John Crane, Inc. (JCI) was a manufacturer of asbestos. It sued plaintiff lawyers who had filed asbestos-related cases against it. JCI was a citizen of Illinois. One of the defendant law firms was located in Texas; the other in Pennsylvania. JCI argued that the law firms established sufficient contacts with Illinois when they instituted fraudulent litigation against JCI, an Illinois company. The law firms responded that the lawsuits were filed in Pennsylvania and Texas, not in Illinois. Therefore, there were insufficient contacts with Illinois. Although the lawyers directed document requests, interrogatories against JCI and sent those requests to Illinois, that was not sufficient to allow Illinois to assert jurisdiction over the lawyers. Thus, there was no personal jurisdiction over the defendants and the case was dismissed. The Seventh Circuit agreed with this holding and affirmed the dismissal.
The legal standard used in personal jurisdiction cases is legal boilerplate that adds little to the discussion of whether or not there is jurisdiction.
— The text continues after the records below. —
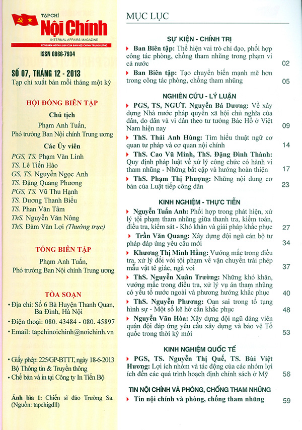 Tạp chí Nội chính số 7 tháng 12 năm 2013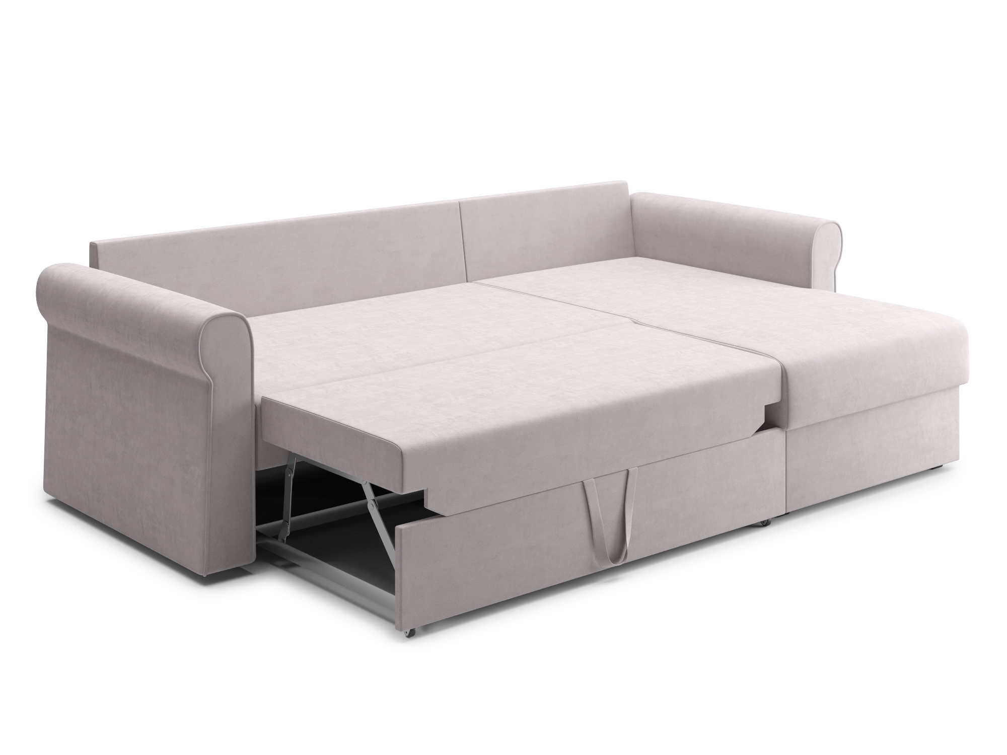 - Механизм раскладки дельфин — основан на выкатывании дополнительной платформы, скрытой под сидением дивана. Чтобы разложить диван, нужно потянуть за специальные ремешки, помогающие перемещать элементы конструкции. В результате этого действия нижняя часть дивана начнёт перемещаться. Делать это нужно до тех пор, пока часть не выдвинется максимально вперед. Затем следует немного приподнять элемент и упереть в противоположную часть, которая осталась неподвижной. Под сиденьем дивана находится короб для хранения вещей и постельных принадлежностей.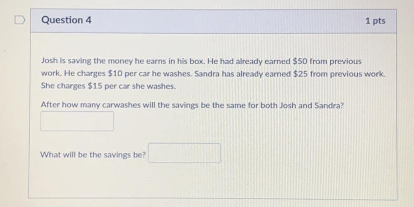 5 carwashes, Josh: $ 100 savings, Sandra: $100 savings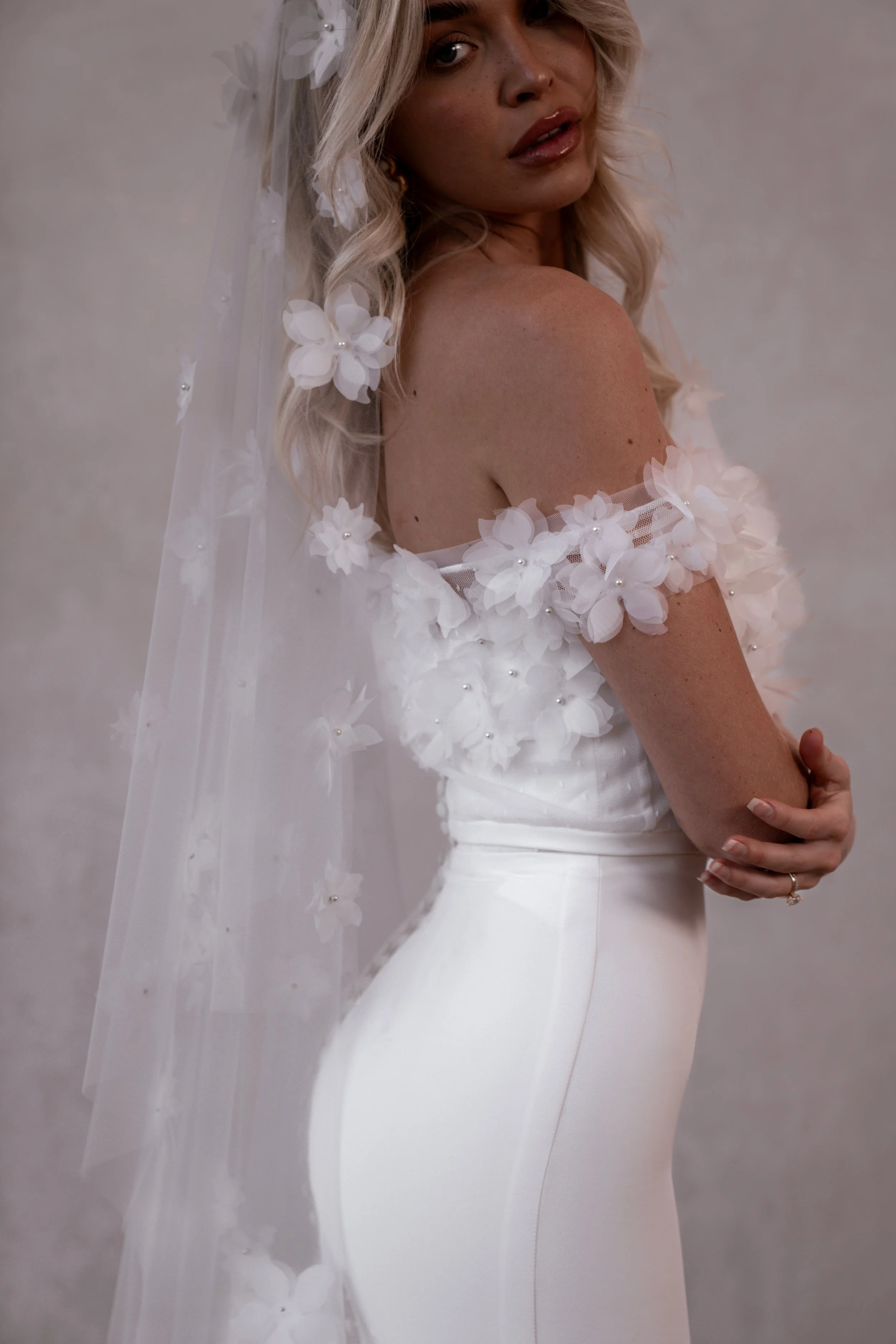 Featuring a strapless design made from a combination of supportive French Crepe and a texture-rich, spotted tulle bodice. Pair Marley with her spotted tulle detachable off-the-shoulder top, adorned with romantic 3D florals for a touch of unique femininity. Each delicate Marley flower is lovingly hand-crafted, making this design a truly precious and charming addition to the Never Before collection.
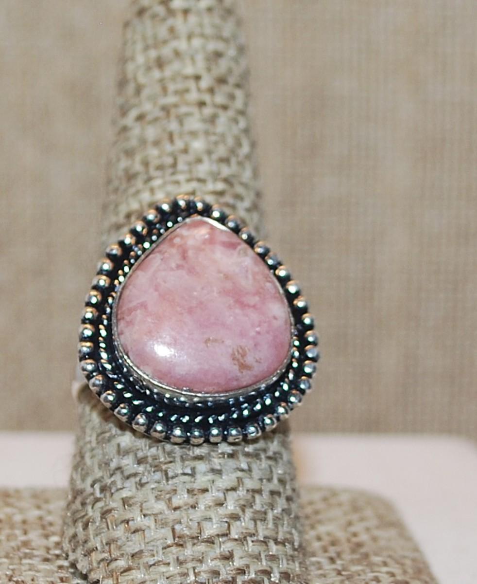 Size 9 Marked .925 Triangle Shape PINKS AGATE Gemstone Ring with a Decorative Full Surround on a Silver-Plated Band (8.3g)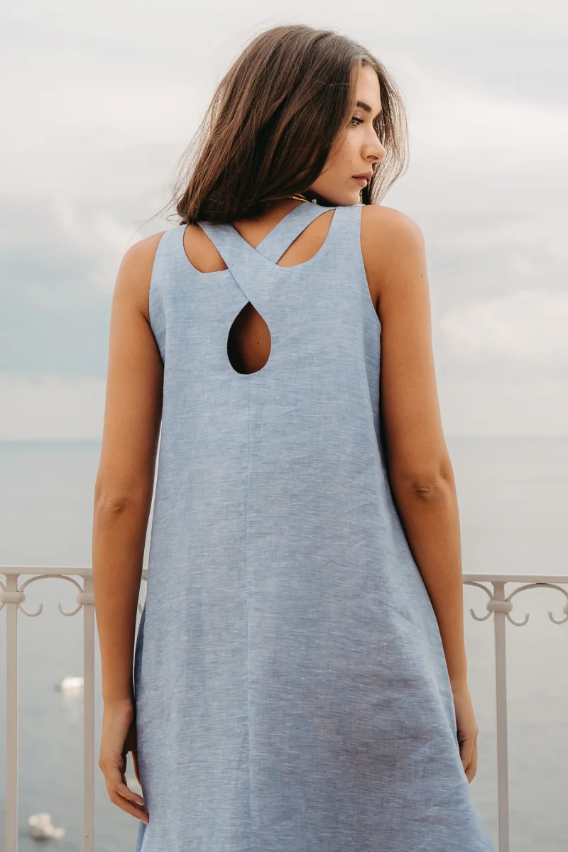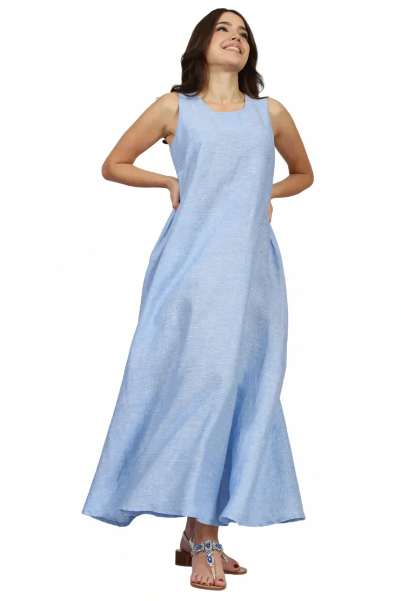 Abito Positano Marina Lungo in Puro Lino Celeste

“Federal courts ordinarily follow state law in determining the bounds of their jurisdiction over persons.”Walden v. Fiore, 134 S. Ct. 1115, 1121 (2014) (quoting Daimler AG v. Bauman, 134 S. Ct. 746, 753 (2014)). The Illinois long-arm statute requires nothing more than the standard for federal due process: that the defendant have sufficient contacts with the forum state “such that the maintenance of the suit does not offend traditional notions of fair play and substantial justice.” Brook v. McCormley, 873 F.3d 549, 552 (7th Cir. 2017). This vague formulation means that the party being sued has to have taken some action in the state where the lawsuit is brought. Here, suing an Illinois corporation in Texas or Pennsylvania was not sufficient to give Illinois jurisdiction.